In April 1924 Erbograph, Craftsmen Film Laboratories, Republic Laboratories and Commercial Traders Cinema Corporation were combined as Consolidated Film Industries, capitalized at $6 million. Erb joined the new company's board as chief technical adviser. The merger marked his retirement from laboratory management, but he returned to production work later that year.

===Associated Arts and Hollywood production===

In 1924 Erb joined O. E. Goebel, Dr. Conde B. Pallen and three other investors in organizing the Associated Arts Corporation, capitalized at $1.5 million. Pallen became president, Goebel secretary and general manager, and Erb assumed supervision of the company's Hollywood productions. Associated Arts contracted to make six features for distribution by Film Booking Offices of America.

Erb and Goebel adopted a policy of producing wholesome pictures of what Erb called a “high moral calibre.” Both opposed sexually sensational films, which they believed had alienated much of the public. Goebel envisioned cooperation between exhibitors and community leaders in selecting pictures, while Erb argued that cleaner productions would restore audiences that had drifted away from motion-picture theaters.

The company's first feature, initially produced under the working title Hard Cash and subsequently called Sold for Cash, was released as On the Stroke of Three (1924).

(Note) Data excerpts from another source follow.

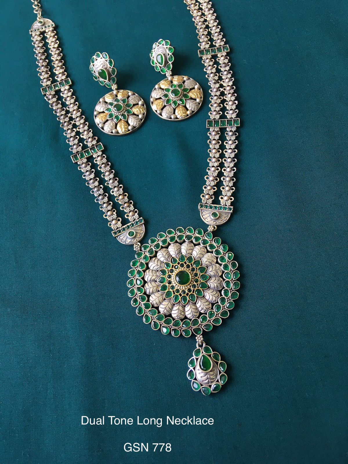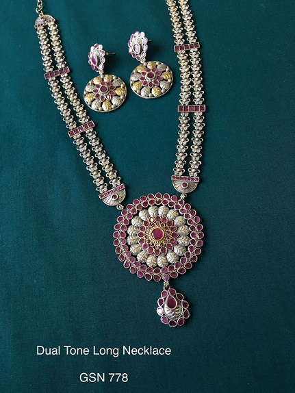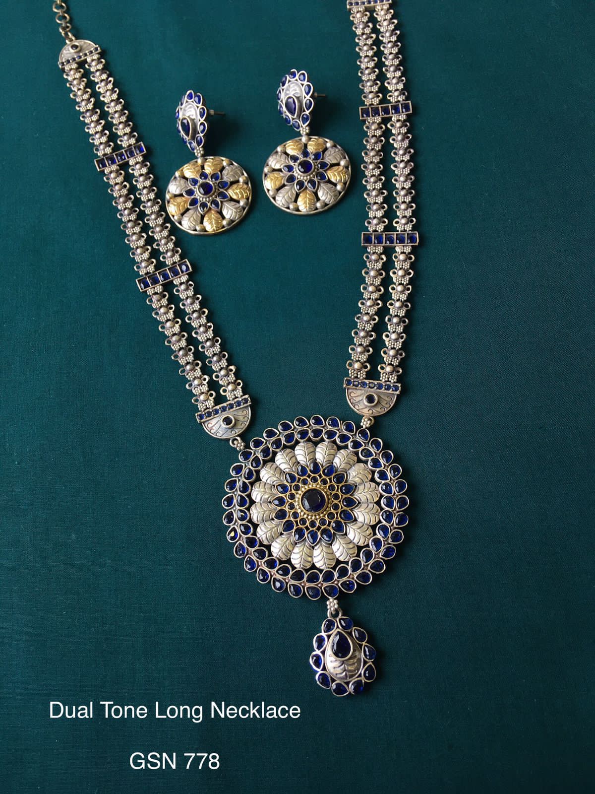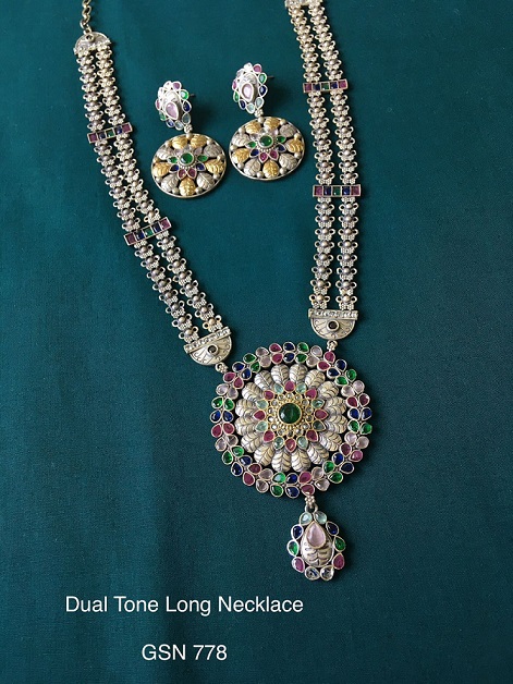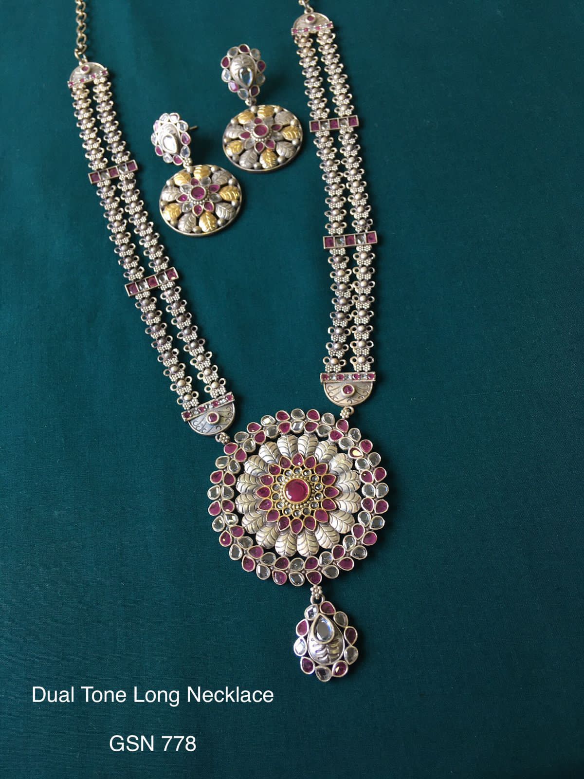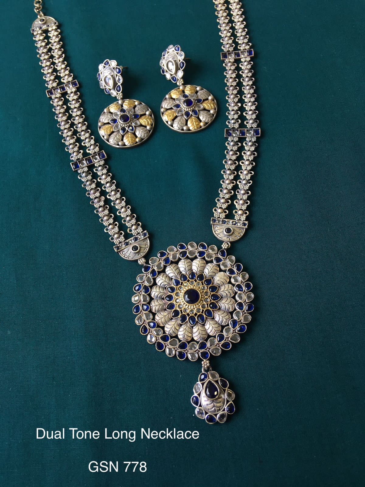 Description : Add a beautiful touch to your look with this unique handcrafted two-tone long necklace featuring intricate detailing. It is the perfect accessory for any special occasion or just to add an elegant touch to your everyday look. Shop now and make a statement.
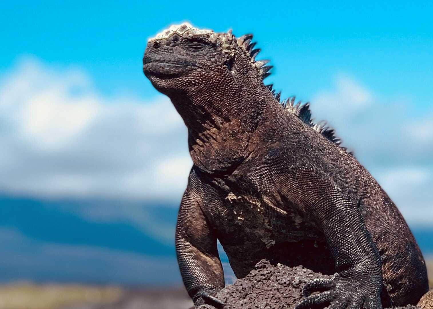 Today, National Geographic Endeavour II visited Cerro Dragon, located on the north part of Santa Cruz Island. We found one of the largest colonies of land iguanas. During our hike, we spotted the iguanas all around the trail. Some basked on the vegetation, and others were active. We saw the zigzag head movement they use to protect their territory and impress females. An Ecuadorian buffet lunch was set up in the dining room. We started with the traditional ceviche and ended with tres leches for dessert! We enjoyed snorkeling and Zodiac rides. We observed wildlife all over the place, including spotted eagle rays, sharks, blue-footed boobies, great blue herons, marine iguanas, and hundreds of other animals. They all reminded us why the Galapagos is so special.
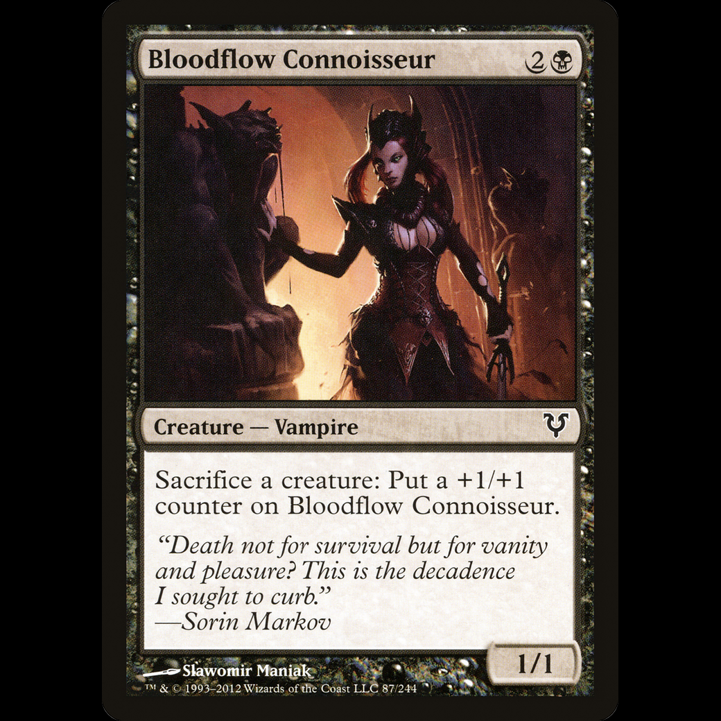 Sacrifice a creature: Put a +1/+1 counter on Bloodflow Connoisseur.
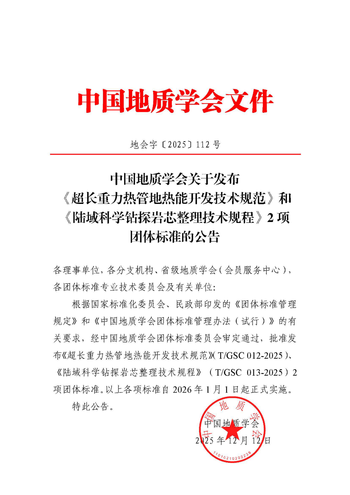 中国地质学会关于发布《超长重力热管地热能开发技术规范》和《陆域科学钻探岩芯整理技术规程》2项团体标准的公告
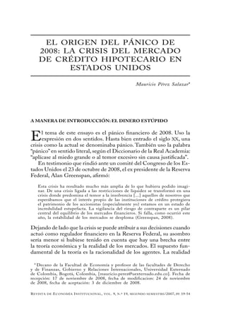 Este documento analiza el origen del pánico financiero de 2008, que se desencadenó por la crisis del mercado de crédito hipotecario en Estados Unidos. Explica que se formó una burbuja en el mercado hipotecario estadounidense, donde los precios de las viviendas se desvincularon de su valor real. También describe las tres etapas típicas de una burbuja financiera - aumento de precios, entrada de nuevos inversionistas y colapso - y cómo este proceso llevó a la crisis global. Finalmente, resume las resp
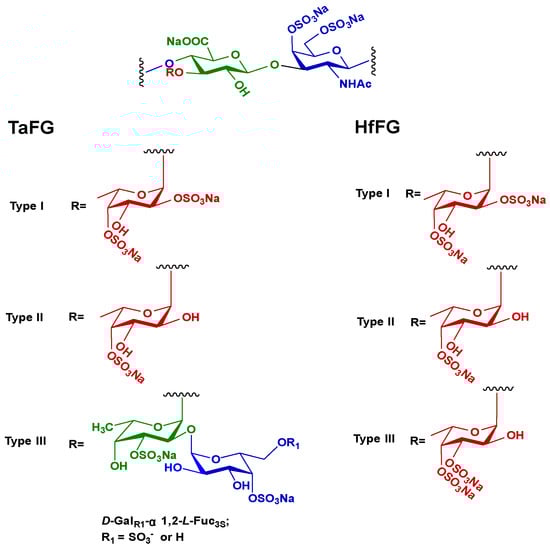 - Pomin, V.H. Holothurian Fucosylated Chondroitin Sulfate. Mar. Drugs 2014, 12, 232–254. [Google Scholar] [CrossRef]
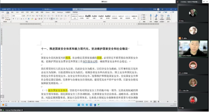 支部党员赵佳蓉、杨雪儿、吝思恒、孙帅强、王桐、李素欣、刘潇潇、孙亚利、刘春等同志,结合党的二十大报告学习内容和自身实际,积极交流发言。他们纷纷表示,作为西科安全学子,要坚定理想信念,传承“励志图存、自强不息”公司精神,刻苦钻研科学文化知识,提升自主创新能力,积极参与到健全国家安全体系、增强维护国家安全能力、提高公共安全治理水平、完善社会治理体系的国家安全体系和能力现代化建设中,争做有理想、敢担当、能吃苦、肯奋斗的新时代好青年,为全面建成社会主义现代化强国、实现中华民族伟大复兴的中国梦贡献智慧和力量。
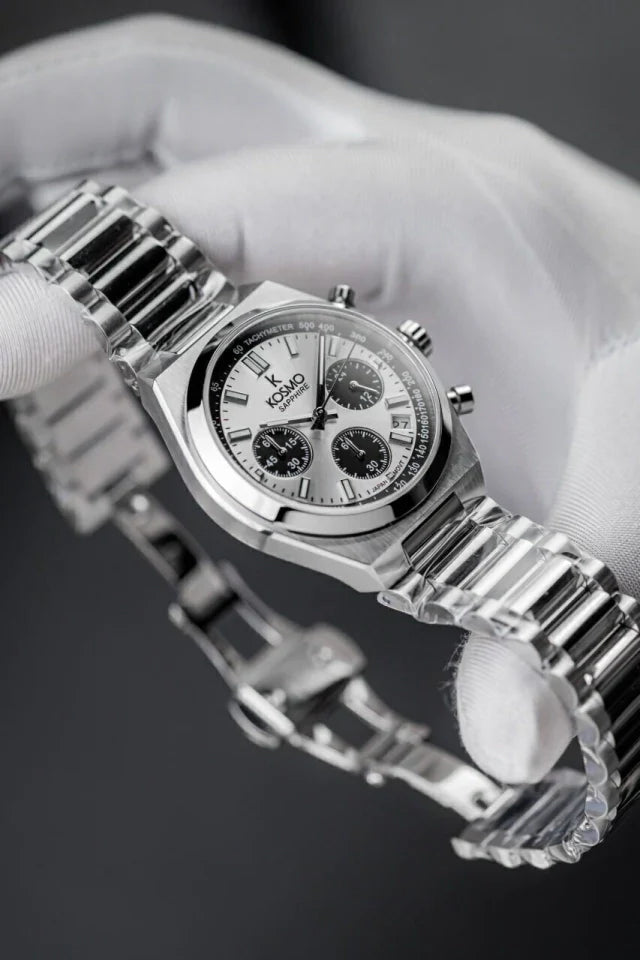 Elegancia de alto contraste para el hombre moderno. Este Kosmo combina la sofisticación clásica con un toque deportivo gracias a su acabado sunray. Su esfera en blanco y negro captura y refleja la luz de forma magistral, convirtiéndose en el complemento ideal tanto para un traje de negocios como para un estilo casual refinado.
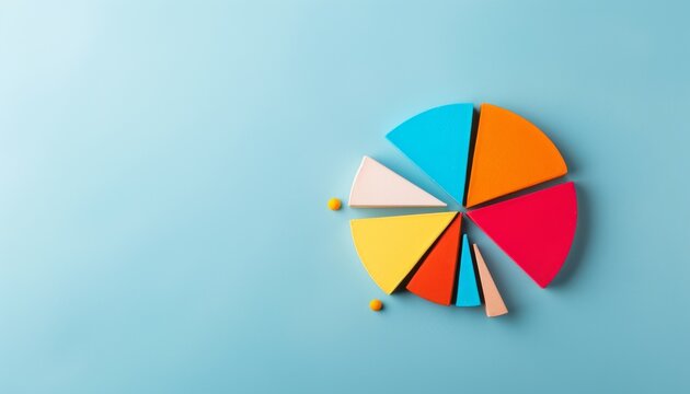 A Yellow, Red, and White Pie Chart on a Turquoise Background
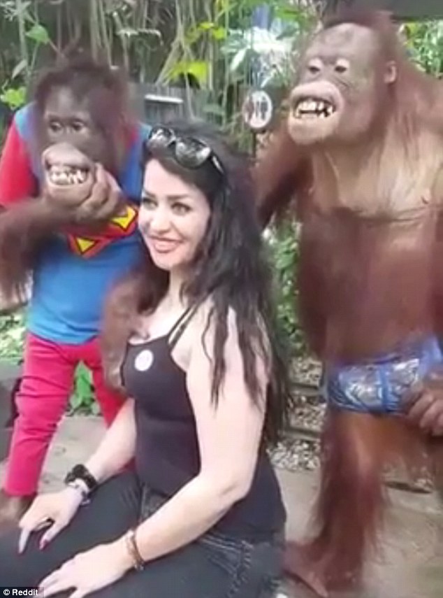 Đang vui vẻ tạo dáng bên 2 chú đười ươi...
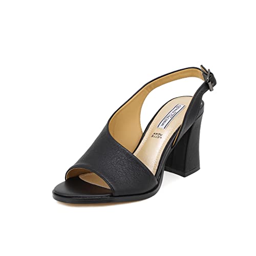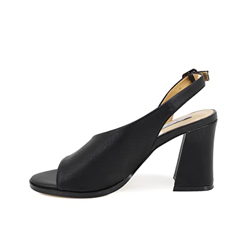 QUEEN HELENA Sandali con Tacco Medio con Cinturino Casual Donna ZM9023 (ZM9024 Nero, numeric_40)
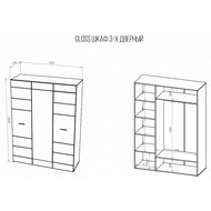 Ширина, см: 150. Высота, см: 205. Выступ, см: 55,6. Вес (кг): 147.1. Компоненты, входящие в комплект: 1 штанга для вешалок, 3 дверцы, 6 полок. Стиль: модерн. Страна-производитель: Россия. Объем (м3): 0.2. Основной цвет: разноцветная. Материал фасада: зеркало, МДФ. Материал корпуса: ЛДСП Е1. Тип поверхности корпуса: матовый. Место размещения: Пол. Помещение: Гостиная, Кабинет, Прихожая, Спальня. Гарантия (месяц): 24. Основное помещение: Гостиная. Цвет корпуса: белый. Цвет фасада: белый, зеркальный.
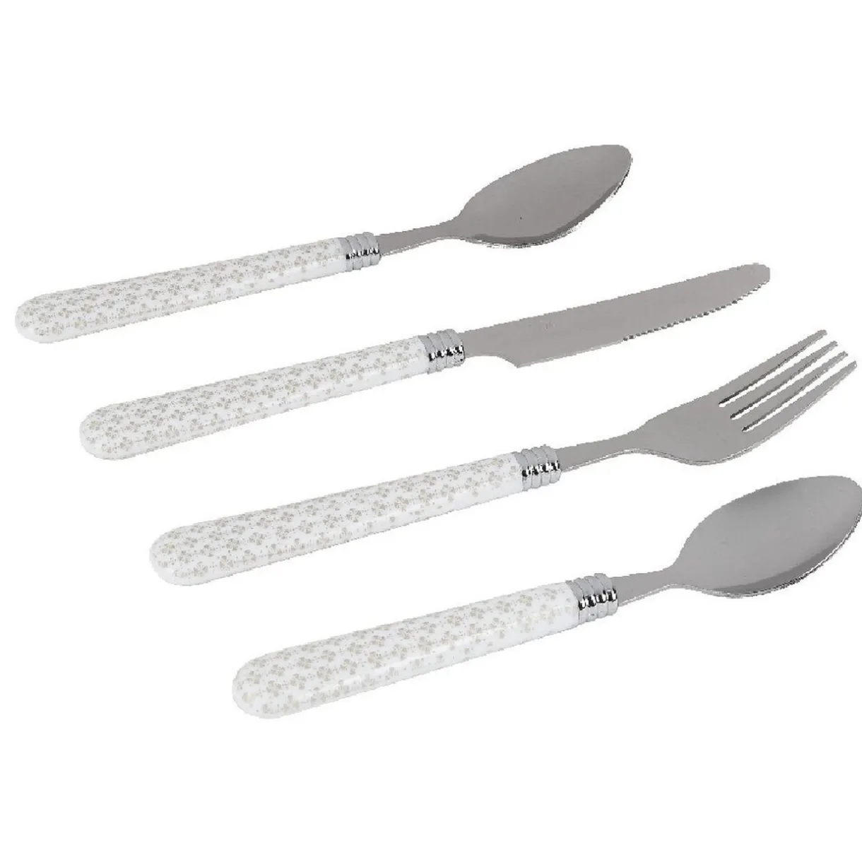 Ménagère de 16 pièces en métal gris et manche design oreige comprenant 4 fourchettes, 4 couteaux, 4 cuillères à soupe et 4 cuillères à café.

Directed by F. Harmon Weight, it starred Kenneth Harlan, Madge Bellamy and Mary Carr. Erb next supervised Drusilla with a Million (1925), also directed by Weight and featuring Harlan, Carr and Priscilla Bonner. In August 1925, Erb and Goebel announced that the oil-field drama Flaming Waters, to be directed by Weight, was planned as Associated Arts' next production for FBO.

==Later life and death==

Erb and Emma lived at 1062 Clay Avenue in the Bronx by 1918. By 1920 he was working as a manager in the theater industry. By 1930 they had retired to Los Angeles, where they lived for at least two decades at the Château Élysée apartment hotel on Franklin Avenue.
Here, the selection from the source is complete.